George didn’t look up, but said, “Them steers have been hollerin’ the news since sunup. Bob ought to have thought about that. He could have kept ’em quiet till noontime if he’d waited till after breakfast to salt ’em, and they’d have took on just as big a load of water by one o’clock as they will this way.”

“That’s what I came over to talk to you about,” I said. “I don’t like being a squealer, but with Bones paying me to be his shipping agent don’t you think I should . . . ”

“Don’t reckon I’d do it,” George said slowly. “This is the kind of a mess where the more you stir it the more it stinks. If I was in your boots I believe I’d keep my trap shut; wouldn’t let on to Bob nor nobody else that I had any notion what he was up to. Why don’t you ride along to Oberlin with us if you ain’t got nothin’ better to do this forenoon?”

Then he turned toward the house and called, “Oh, Irene! You about ready? We’d best to get started pretty soon.”

Bob must have returned very soon after I left his place. When we passed it on our way to Oberlin he and his hired men were working on the pump and too busy to notice us.

George drove an automobile with as much consideration as he drove a horse, and not much faster. It was noon before we reached Oberlin, and Mrs. Miner spent fully an hour shopping. Then George took us to the best restaurant for dinner, and the service was terribly slow. It was two o’clock before we’d finished eating, and almost three when we got back to Cedar Bluffs. On our way through town George left his wife at Grandma Rebman’s, and when we drove into the Wilson yard Bob came hurrying to meet us, calling out irritably, “What’s been keepin’ you? The weighing-out was to begin at one o’clock, and it’s danged near three a’ready.”
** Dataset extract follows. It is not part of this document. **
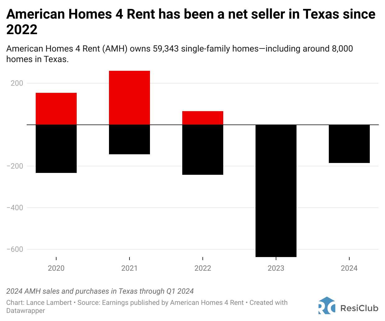 Indeed, in Texas, American Homes 4 Rent (AMH) purchased zero homes and sold off 185 homes in Q1 2024:

“Now I’m right sorry about that,” George said in an apologetic tone, “but anymore I don’t get around as spry as I used to, and sometimes I’m a mite forgetful. Seems like I do recollect askin’ Bud if commencin’ at one o’clock would allow him enough loading time, and I recall you sayin’ that one o’clock would be just fine, but if we agreed on that as a fixed time I sure forgot about it. Oh well, I guess it won’t make much odds one way or another. I see you’ve got the steers all sorted and penned accordin’ to sizes, so we’ll have plenty of time anyways. It was the sortin’ that I was mostly concerned about.”

Bob was on a spot where he couldn’t holler without practically admitting his guilt. I knew he was fuming inside, but he tried to act jovial. “That’s all right,” he said. “I and the boys have got everything lined out so’s’t you won’t have to lose a minute nowheres. I’ve got the scales all balanced up for you, and the boys’ll put the cattle acrost the platform as fast as you can set weights on the beam.”

The condition of the pens left little doubt as to the amount of water Bob had managed to get into those steers—or that it was draining away rapidly. Waterlogged cattle won’t eat or drink again for several hours, so Bob’s only hope for any success in his trick was to get his steers weighed as quickly as possible, but George wouldn’t hurry. After he’d spent five or six minutes sliding the counterpoise back and forth along the scale beam, Bob called out, “Anything wrong, George?”